Marks frequency(f) cumulative frequency(cf)

0-20  210 210

20-40 115     325

40-60 130 455

60-80 220 675

80-100 120 795

100-120  101 896

120-140 120   1016

140-160 144 1160

160-180 132 1292

180-200   190 1482

We are required to find the number of students securing marks greater than 104. To do so, we need to determine the $i^{th}$ percentile such that $P_i=104$. First is to determine the value of $i$ which in turn will be used to find the position of the $104^{th}$ mark. The position of the $104^{th}$ mark is its cumulative frequency. We proceed as follows,

$P_i={l+({i\times n\over100}-cf)\times{c\over f}}$ where, $n=1482$

$l$ is the lower class boundary of the class with 104 marks

$cf$ is the cumulative frequency of the class preceding the class consisting of the mark, 104

$c$ is the width of the class with the 104^th mark

$f$ is the frequency of the class with the 104^th mark

Therefore,

$P_i=100+(14.82i-795)\times {20\over101}=104$

So,

$20.2=14.82i-795\implies 14.82i=815.2\implies i=55.0067476$

The mark, 104 is approximately the $55^{th}$ percentile. Its position is, ${i\times n\over 100}={55\times1482\over 100}=815.2\approx 816$

Now, the cumulative frequency of the $104^{th}$ mark is approximately 816.
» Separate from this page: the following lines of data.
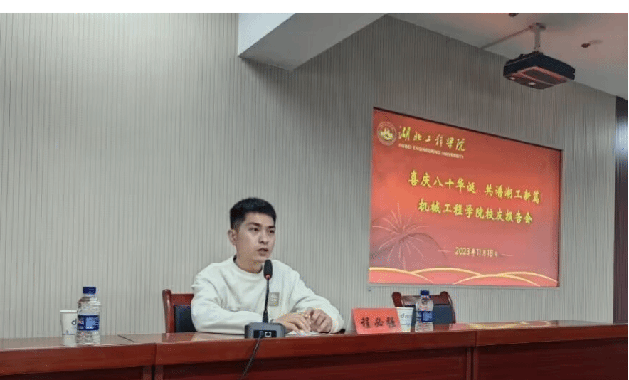 学院副院长徐刚主持报告会,他表示校友是学院的宝贵财富和资源,是学校发展的重要参与者和推动者,本次报告会的开展,为校友感恩、回馈母校搭建了平台,为学院在校生上好了新生“感恩励志课”,加强了校友与学校、学院、同学们之间的交流联系,他希望同学们以优秀校友为榜样,学习他们敢于战胜勇气,永不言败的毅力及干一行、爱一行、专一行的敬业精神,立志做有理想、敢担当、能吃苦、肯奋斗的新时代好青年。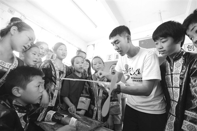 连日来,南京航空航天大学的学生组成支教团,来到龙胜各族自治县乐江乡西腰小学,为当地的侗族留守儿童教授航模、快乐英语、趣味数学、音乐等课程,陪他们一起度过不一样的假期。图为7月10日,该小学的学生正在与支教成员组装飞机模型。(韦吉阳 秦文婕 摄)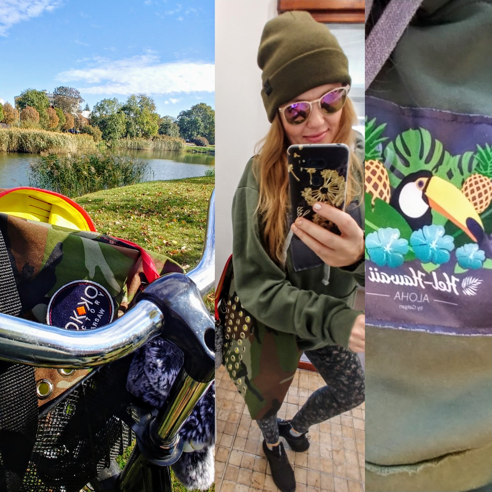 Bluza Gałgan (https://gałgan.pl/ubrania/198-tukan-na-helu.html ) uwielbiam ją, jest drugi sezon ze mną. Stylizuje ją na różne sposoby, do spódniczki i do spodni, teraz świetnie sprawdza się na rowerze. Spodnie to bardzo stare dżinsy, sprane ,ale świetnie się sprawdzają , ledwo widoczny print w ciemne różyczki ( C&A) , do tego czarne sportowe buty. Torba moro wielka, z ćwiekami na kształt Pałacu Kultury, dużo pomieści, jest wodoodporna . Wyjątkowa dawno ją kupiłam , zamawiałam przez internet, nie wiem, czy firma jeszcze istnieje, ale na zdjęciu widzicie logo tej firmy. I oczywiście nie zapominam czapki, zatoki chronię cały rok, czapka Sinsay, to ruszam na rower.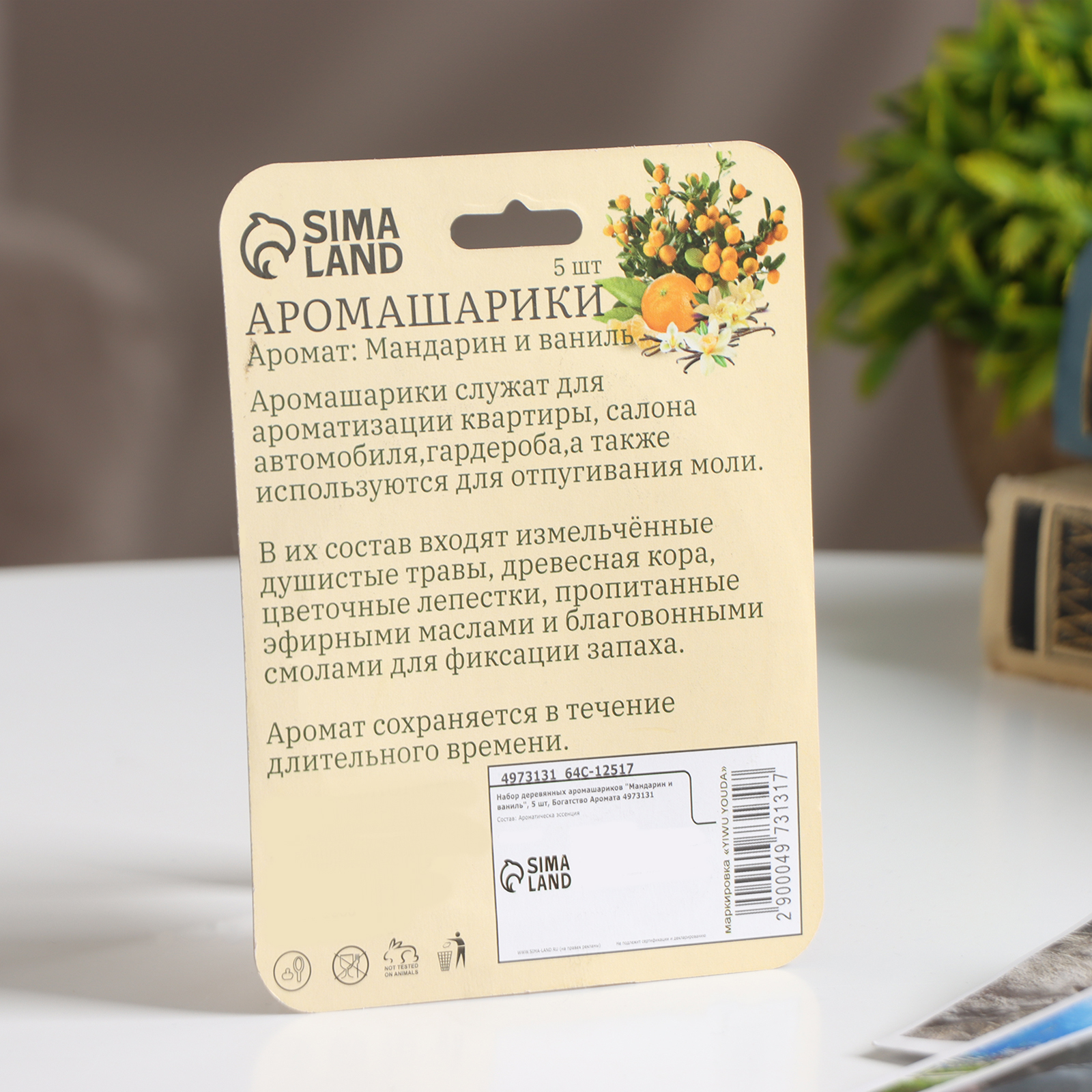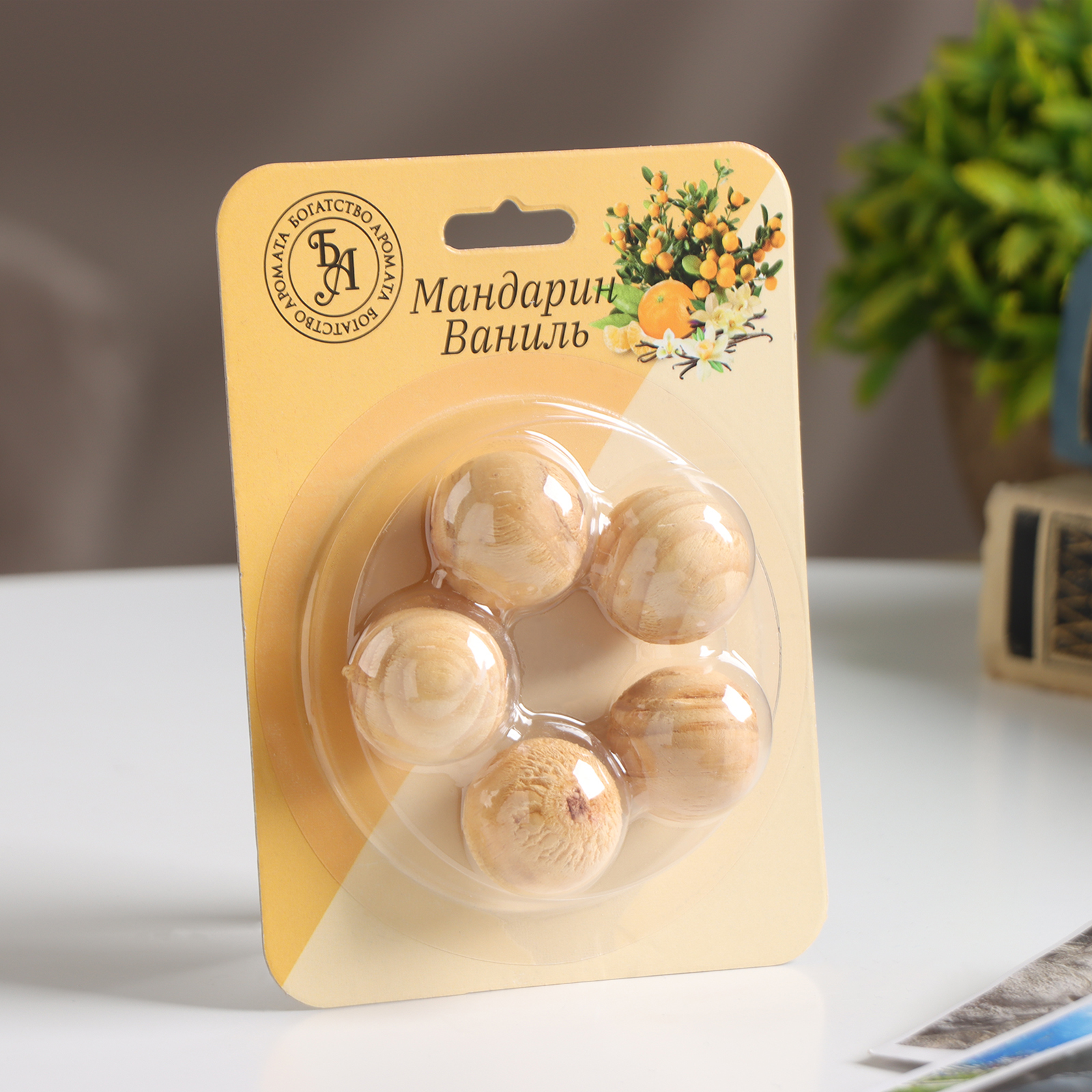 Набор деревянных аромашариков "мандарин и ваниль", 5 шт, богатство аромата
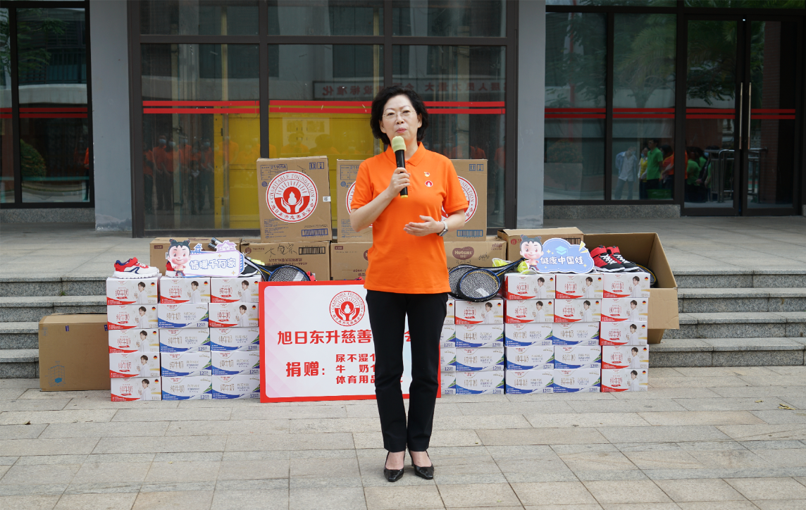 紧接着,海口市社会福利院院长唐凤英致辞。她首先感谢PG药业集团、旭日东升慈善基金会7年来,对海口市社会福利院的持续关注和无私帮助。她特别提到,2022年由PG药业集团捐资建设的“爱·护”项目医护隔离观察区,帮助福利院的孩子们渡过了疫情防控的难关。今年,熟悉的PG人又来到了福利院陪伴孩子们,给予了这里的小朋友们爱的力量。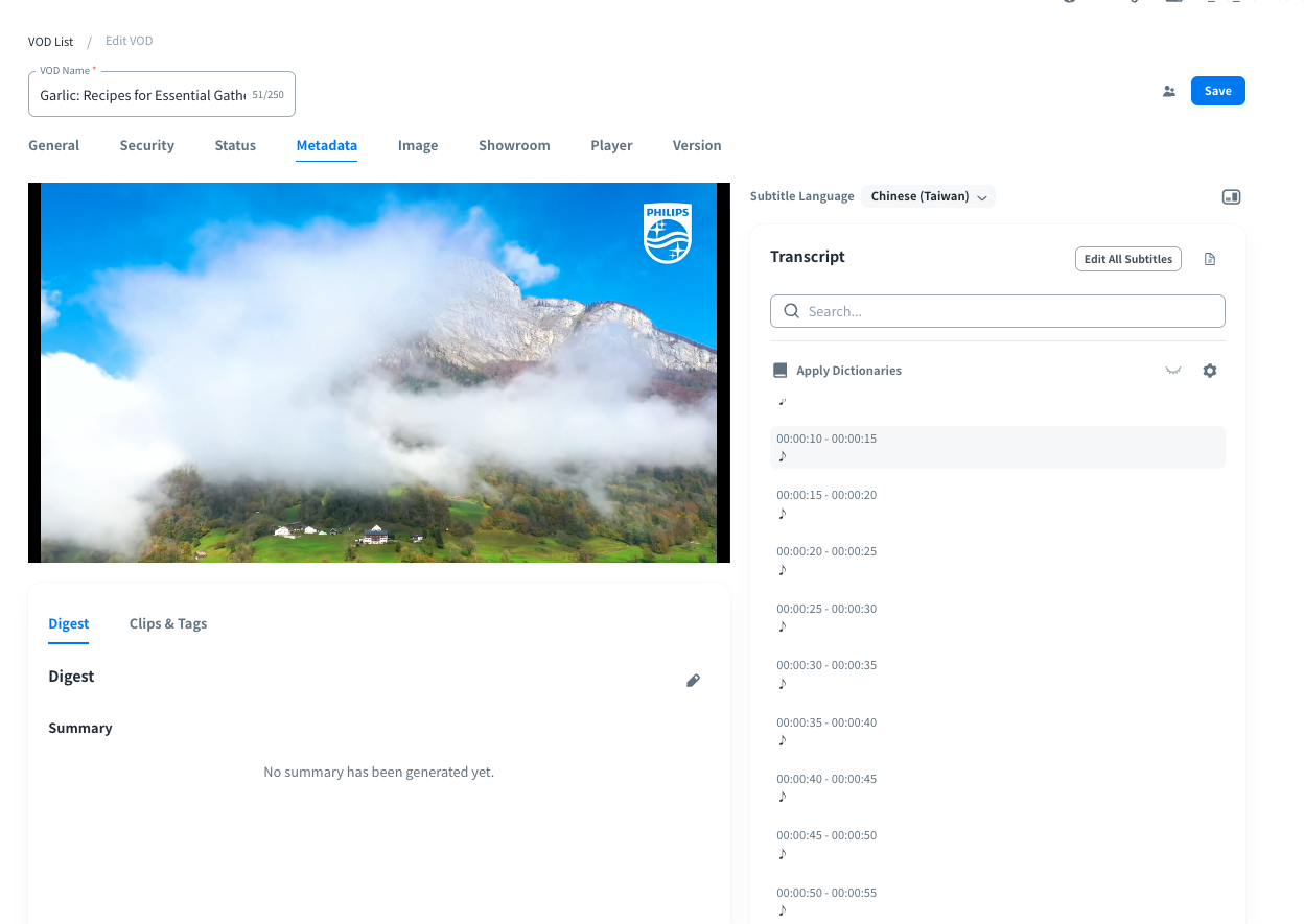 *The VOD and Subtitle cannot be deleted during Summary generation.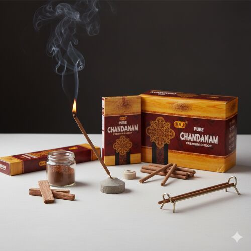 CHANDANAM DHOOP A luxurious blend of natural sandalwood powder, this dhoop creates a rich, velvety fragrance that lingers gentlyideal for creating a serene home or spiritual corner.Crafted from pure sandalwood, this dhoop releases a sacred aroma cherished in temples and homes alike. Ideal for prayer, meditation, and spiritual rituals.Rooted in Vedic tradition, the timeless scent of chandanam uplifts the soul and cleanses the aura. A perfect companion for sacred rituals or peaceful moments.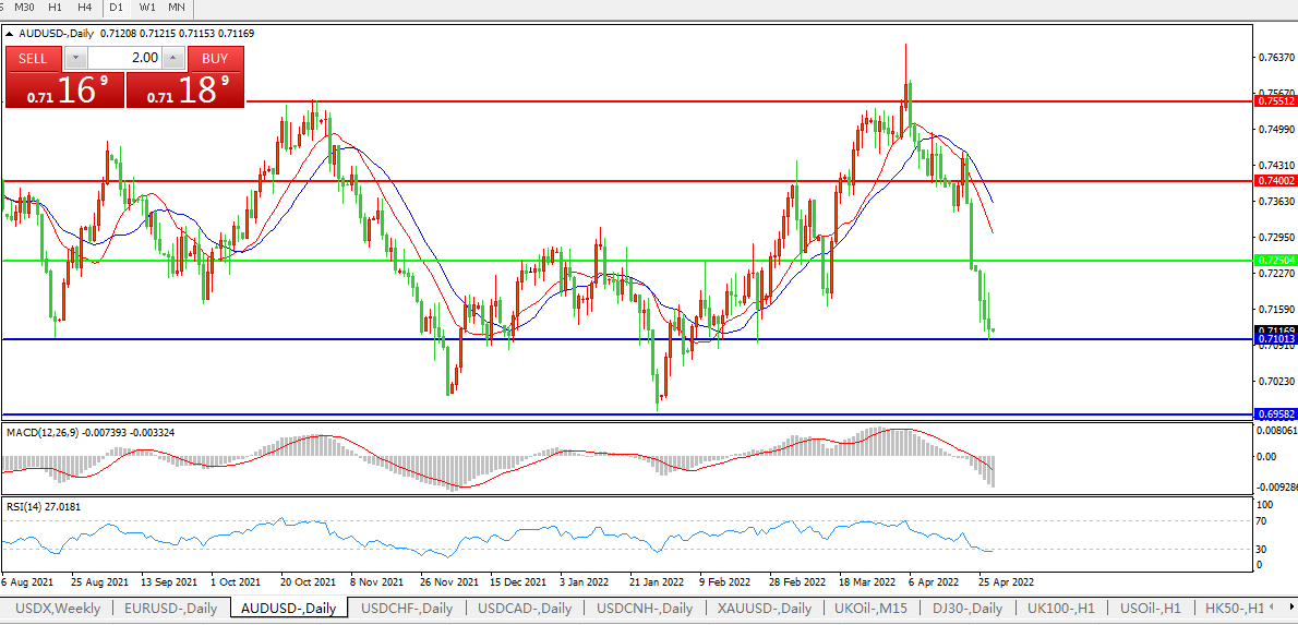 交易策略:0.7250下方看跌,目标0.7100、0.6950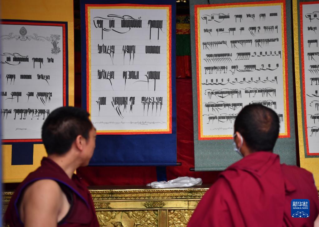 當(dāng)天,西藏拉薩大昭寺舉行第三屆藏文書法展。50多名僧人創(chuàng)作的120多幅藏文書法作品,展示了不同字體書寫的藏文之美。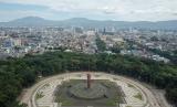 Foto udara Monumen Bandung Lautan Api di Tegallega, Bandung, Jawa Barat, Rabu (23/3/2022). Setiap tanggal 23 Maret warga Kota Bandung memperingati peristiwa Bandung Lautan Api yang terjadi pada tahun 1946 sebagai peristiwa yang bersejarah. (FOTO : ANTARA/Raisan Al Farisi)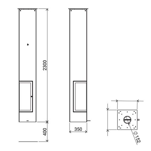 Камин оснащен системой вторичного дожига газов, что обеспечивает не только высокую эффективность работы, но и экологичность. Черный цвет корпуса гармонично вписывается в различные цветовые схемы интерьеров, а квадратная форма придает изделию современный и лаконичный вид.

The number of students securing marks greater than 104 is $1482-816=666$

Therefore, the number of students securing marks greater than 104 is 666.

$b)$

To find the number of students securing marks between 155 and 165, we find the cumulative frequencies for both scores and then determine the difference of their frequencies. That is, $cf_{165}-cf_{155}$.

The cumulative frequency of the $155^{th}$ mark.

We determine the value $i$ such that, $P_i=155$ where $P_i$ is the $i^{th}$ percentile given as,

$Pi=l+({i×n\over100}−cf)\times {c\over f}$ where, $n=1482$

$l$ is the lower class boundary of the class with the $155^{th}$ mark.

$cf$ is the cumulative frequency of the class preceding the class with the $155^{th}$ mark.

$c$ is the width of the class with the 155^th mark

$f$ is the frequency of the class with the $155^{th}$ mark

Now,

$P_i=140+(14.82i-1016)\times {20\over 144}=155$

So,

$108=14.82i-1016\implies i=75.8434548\approx76$

The score of 155 is the $76^{th}$ percentile. Its cumulative frequency is, ${76\times 1482\over 100}=1124$

Therefore, the number of students securing below 155 marks is 1124

 The cumulative frequency of the $165^{th}$ mark.

We determine the value $i$ such that, $P_i=165$ where $P_i$ is the $i^{th}$ percentile given as,

$Pi=l+({i×n\over100}−cf)\times {c\over f}$ where, $n=1482$

$l$ is the lower class boundary of the class with the $165^{th}$ mark.

$cf$ is the cumulative frequency of the class preceding the class with the $165^{th}$ mark.

$c$ is the width of the class with the $165^{th}$ mark

$f$ is the frequency of the class with the $165^{th}$ mark

Now,

$P_i=160+(14.82i-1160)\times {20\over 132}=165$

So,

$33=14.82i-1160\implies i=80.4993252\approx81$

The score of 165 is the $81^{st}$ percentile. Its cumulative frequency is, ${81\times 1482\over 100}=1193$

Therefore, the number of students securing below 165 marks is 1193

Therefore, $cf_{165}=1193$ and $cf_{155}=1124$ . The number of students securing marks between 155 and 165 is 1193-1124=69 students.

$c)$

The cumulative frequency of the $55^{th}$ mark.

We determine the value $i$ such that, $P_i=55$ where $P_i$ is the $i^{th}$ percentile given as,

$Pi=l+({i×n\over100}−cf)\times {c\over f}$ where, $n=1482$

$l$ is the lower class boundary of the class with the $55^{th}$ mark.

$cf$ is the cumulative frequency of the class preceding the class with the $55^{th}$ mark.

$c$ is the width of the class with the $55^{th}$ mark

$f$ is the frequency of the class with the $55^{th}$ mark

Now,

$P_i=40+(14.82i-325)\times {20\over 130}=55$

So,

$97.5=14.82i-325\implies i=28.5087719\approx29$

The score of 55 is the $29^{th}$ percentile. Its cumulative frequency is, ${29\times 1482\over 100}=422.5\approx 423$

Therefore, the number of students securing below 55 marks is 423.